🤖 AI Summary
Current multimodal large language models (MLLMs) face significant bottlenecks in 3D spatial understanding, relying heavily on explicit 3D inputs, custom architectures, or large-scale annotated datasets. To address this, we propose SpatialThinker—a novel framework that leverages a high-quality spatial visual question answering dataset, STVQA-7K, and integrates scene graph modeling with multi-step reasoning. Crucially, it introduces the first multi-objective dense-reward online reinforcement learning paradigm tailored for spatial relational reasoning, effectively unlocking the implicit 3D representational capacity of vision-language models without requiring 3D inputs or extensive supervised data.
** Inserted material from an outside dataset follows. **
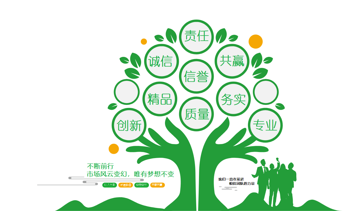 企業(yè)精神指企業(yè)員工所具有的共同內(nèi)心態(tài)度、思想境界和理想追求。它表達(dá)著企業(yè)的精神風(fēng)貌和企業(yè)的風(fēng)氣。企業(yè)精神是企業(yè)文化的一項(xiàng)重要而復(fù)雜的內(nèi)容,是企業(yè)全部的精神現(xiàn)象和精神活力。企業(yè)精神是公司全體員工彼此共鳴的內(nèi)心態(tài)度,意志狀況和思想境界。是企業(yè)健康向上的內(nèi)在氣質(zhì)的外在表現(xiàn),是企業(yè)發(fā)展、員工成長(zhǎng)的精神動(dòng)力和支柱。 嚴(yán)謹(jǐn)?shù)墓ぷ鲬B(tài)度才能打造出行業(yè)精品,果斷地做出正確的選擇才能保證企業(yè)良好的發(fā)展趨勢(shì),堅(jiān)持不懈地共同努力才能創(chuàng)造企業(yè)光輝燦爛的明天。秉持這一信條,企業(yè)才能擁有強(qiáng)大的凝聚力,帶領(lǐng)全體員工向著正確的方向前行。

Experimental results demonstrate that SpatialThinker-7B substantially outperforms both supervised fine-tuning and sparse-reward RL baselines—achieving nearly twofold improvement on spatial understanding and real-world VQA benchmarks—and surpasses GPT-4o. This work establishes a new low-resource, efficient paradigm for spatial reasoning.
📝 Abstract
Multimodal large language models (MLLMs) have achieved remarkable progress in vision-language tasks, but they continue to struggle with spatial understanding. Existing spatial MLLMs often rely on explicit 3D inputs or architecture-specific modifications, and remain constrained by large-scale datasets or sparse supervision. To address these limitations, we introduce SpatialThinker, a 3D-aware MLLM trained with RL to integrate structured spatial grounding with multi-step reasoning. The model simulates human-like spatial perception by constructing a scene graph of task-relevant objects and spatial relations, and reasoning towards an answer via dense spatial rewards. SpatialThinker consists of two key contributions: (1) a data synthesis pipeline that generates STVQA-7K, a high-quality spatial VQA dataset, and (2) online RL with a multi-objective dense spatial reward enforcing spatial grounding. SpatialThinker-7B outperforms supervised fine-tuning and the sparse RL baseline on spatial understanding and real-world VQA benchmarks, nearly doubling the base-model gain compared to sparse RL, and surpassing GPT-4o. These results showcase the effectiveness of combining spatial supervision with reward-aligned reasoning in enabling robust 3D spatial understanding with limited data and advancing MLLMs towards human-level visual reasoning.